Monday, April 28, 2014

Solving Germany's HARTZ IV problem: Nationwide traffic speed checks

This post is in English to prevent it from being taken seriously.

Seriously.

This past weekend we re-assembled our famed Random Research (RR) team to test the validity of the latest hot button issue in the home country of the Mercedes, the diesel engine, and the 20 km/h tractors of Mr. Porsche.

Mr. Porsche's tractors came in bright red to increase their apparent speed, and folksy rumors have it they really looked like they were going 23 km/h instead of a mere 20.

The media frenzy last week was about "Germany's crumbling infrastructure", supported by the indisputable fact that the country spends less on infrastructure as a percentage of GDP than other Euro nations.

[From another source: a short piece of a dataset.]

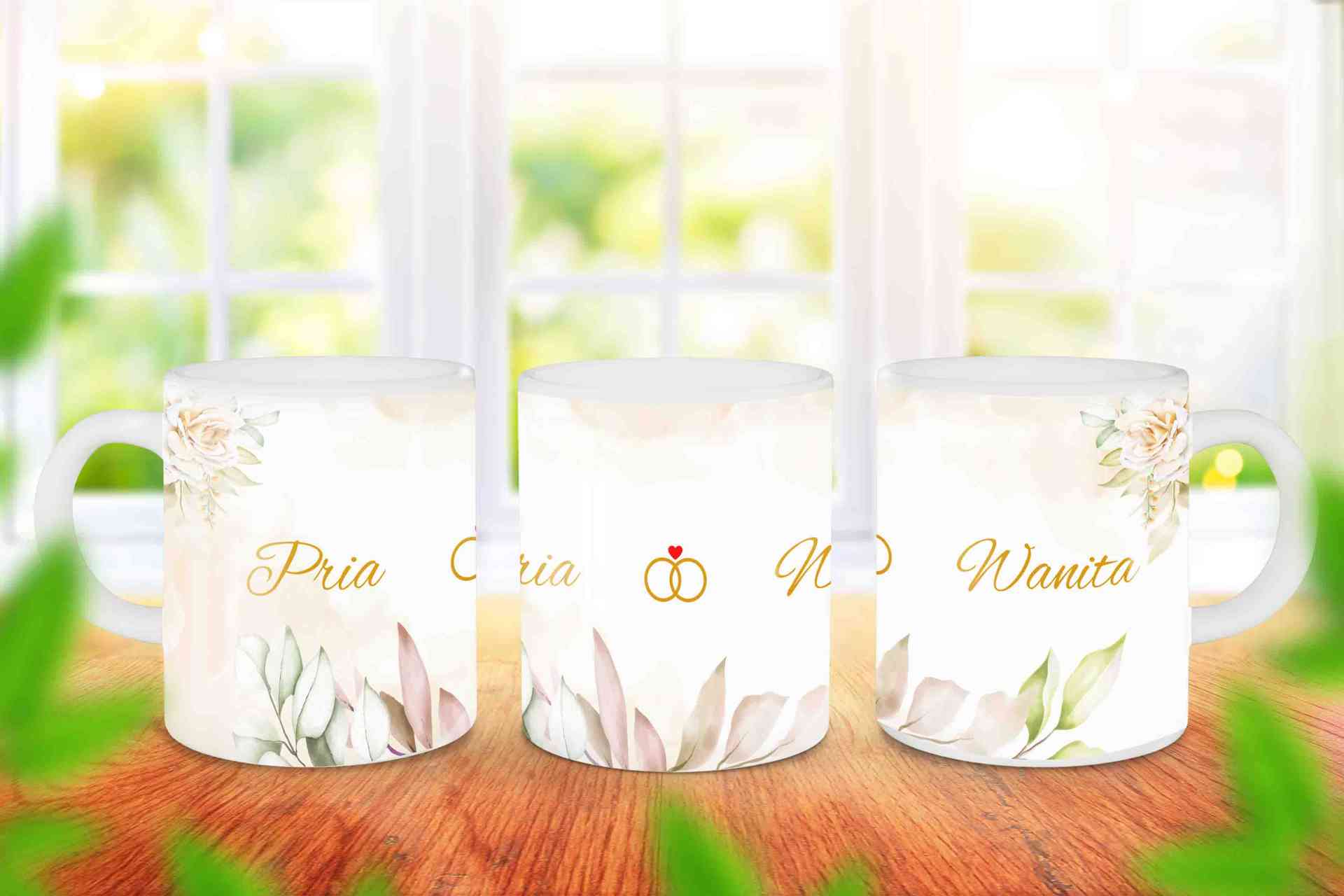 Souvenir Mug Wedding bertema “Terlukis Indah dalam Kasih Tuhan” tampil dengan bentuk mug putih silinder klasik, dihiasi ilustrasi bunga dan dedaunan l...

In most of the press, the term infrastructure was soon replaced by "roads" without much ado. So, a casual alien could reasonably think that infrastructure equals roads around here.

They are in such a bad state of repair, complained politicians who want higher tolls or a blanket dedicated tax for everybody!

Which sent our team on the roads, the highways, the byways, the freeways.

700 miles later, the verdict is in: there are a few rumble roads but the attribute "crumbling" is either a bit exaggerated or an all out lie.

We do believe the true reasons for classifying West German roads as crumbling are:

1) The East Germans have wide, smoooth new freeways and highways. Those guys had 40 years of Socialism, and what do they have to show for it? Some of the best autobahns in human history.

2) Without at least three freeway lanes in each direction, the makers and shakers, thinkers and doers of the old lame West cannot go much faster than 65 or 70 miles during the week and get stuck in huge vacation jams on the north south axes. It is less about repair than expand.

3) Autobahn envy!
The modern man's equivalent to the old Freudian penis envy is freeway envy, or autobahn envy as it will soon be called around the world.
It is less about length, more about width these days, but yes, unless you have seen the gorgeous wide open freeways of Poland or southern Italy, you won't understand.

In the process of evaluating road quality, the RR team also resolved Germany's problem of employ for the long-term jobless.

Since about 80  to 90 percent of cars on the freeway ignore posted speed limits, hand out radar guns to the long term jobless and let the cash roll in.

There would also be a mental health benefit for the depressed downtrodden. Pointing the radar gun at a 100 000 Euro plus Porsche, Beamer or whatever would improve morale and government coffers.

Nailing the boss for speeding, the bastard who fired you, what could be more satisfying?